Mobile Industry Downplays Cracking Of GSM Code

The mobile industry has downplayed worries that GSM phone users are now vulnerable to having their telephone calls intercepted

The Global System for Mobile Communications Association (GSMA) has downplayed concerns over the security of mobile phone calls, after researchers this week cracked and published the encryption code that protects 80 percent of the world’s mobile phones.

The GSMA claims the latest attack on the A5/1 encryption algorithm is not practical.

According to reports, cryptographer Karsten Nohl led an effort to break the 21-year-old GSM algorithm used to protect the privacy of 80 percent of mobile phone calls worldwide. Known as the A5/1 algorithm, the cipher has been used to secure digital phone conversations since 1988.
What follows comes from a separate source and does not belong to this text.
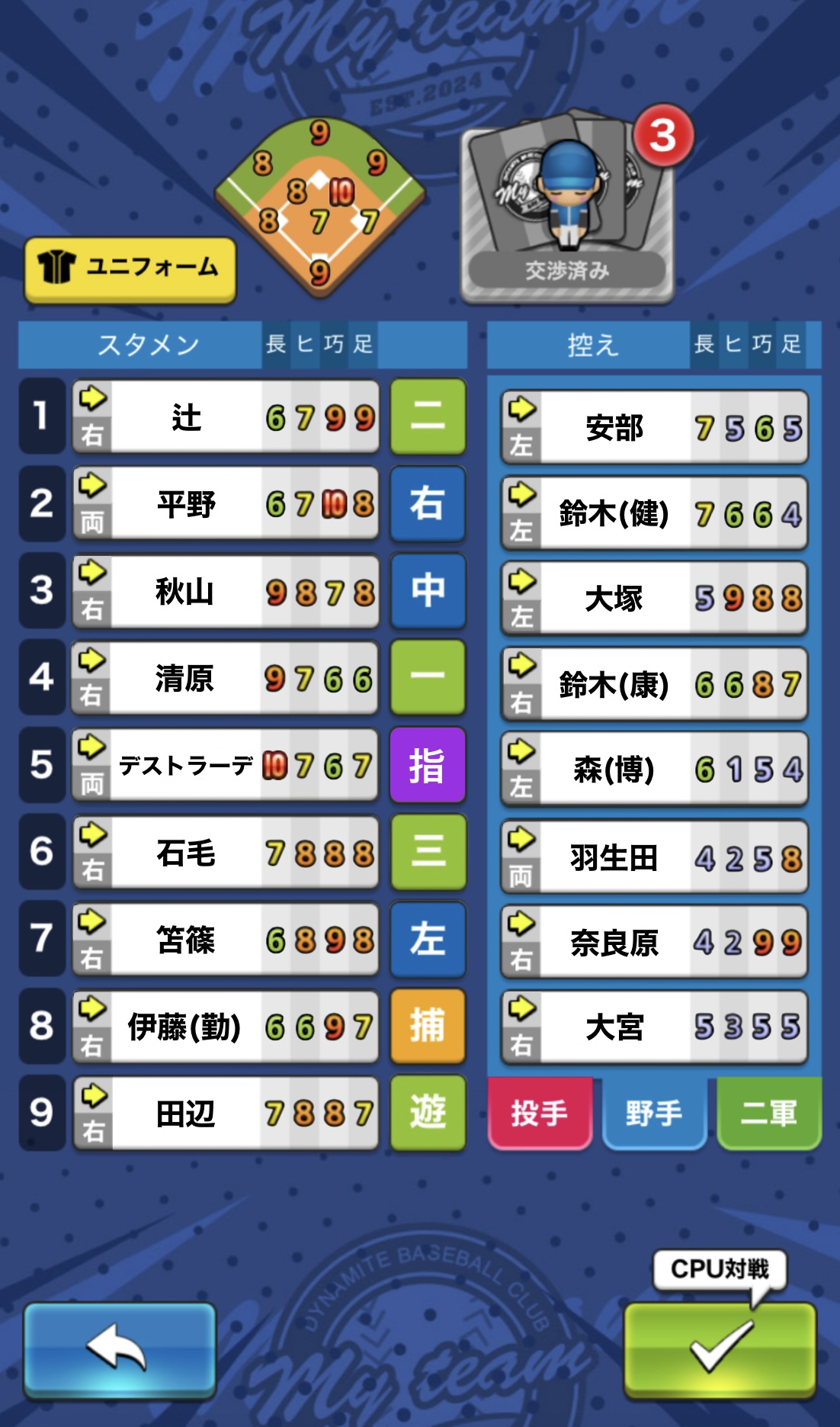 やっぱり僕は王道を征く打線の組み方をしてるのでここに載せるまでもないんじゃないかと思ったりしなくもなかったんですけど個人的にこだわりがあるオーダーは載せることにしました。

In his 27 December presentation at the Chaos Communication Conference in Berlin, Nohl stated he had 2TB of cracking tables that could be used to find the encryption key being used to protect a telephone conversation. According to the New York Times, Nohl told conference attendees his research shows “existing GSM security is inadequate.”

“We are trying to push operators to adopt better security measures for mobile phone calls,” Nohl said.

However, the GSMA (Global System for Mobile Communications Association), which represents wireless companies, said the impact of the discovery is being overstated.

“Over the past few years, a number of academic papers setting out, in theory, how the A5/1 algorithm could be compromised have been published,” GSMA spokesperson Claire Canton told eWEEK. “However, none to date have led to a practical attack capability being developed against A5/1 that can be used on live, commercial GSM networks.”

In 2007 and 2008, a hacking group claimed to be building an attack on A5/1 by constructing a large look-up table of approximately 2TB, Canton said, adding someone with access to such a table could theoretically analyse an encrypted call and recover the encryption key. However, before a practical attack could be attempted, the GSM call has to be identified and recorded from the radio interface, she explained.

“So far, this aspect of the methodology has not been explained in any detail and we strongly suspect that the teams attempting to develop an intercept capability have underestimated its practical complexity,” Canton said. “A hacker would need a radio receiver system and the signal processing software necessary to process the raw radio data. The complex knowledge required to develop such software is subject to intellectual property rights, making it difficult to turn into a commercial product.”

The codebook Nohl and his cohorts developed is available on the Internet via BitTorrent, though he reportedly did not discuss where it could be downloaded due to legal concerns.

Prior to this latest discovery, the GSMA had already been working on enhancing encryption, and has developed A5/3 to take the place of A5/1, Canton said.

“Over the past decade, export control agencies have removed many of the traditional barriers to the sale of cryptographic technologies enabling the development and use of A5/3,” she noted. “This new privacy algorithm is being phased in to replace A5/1.”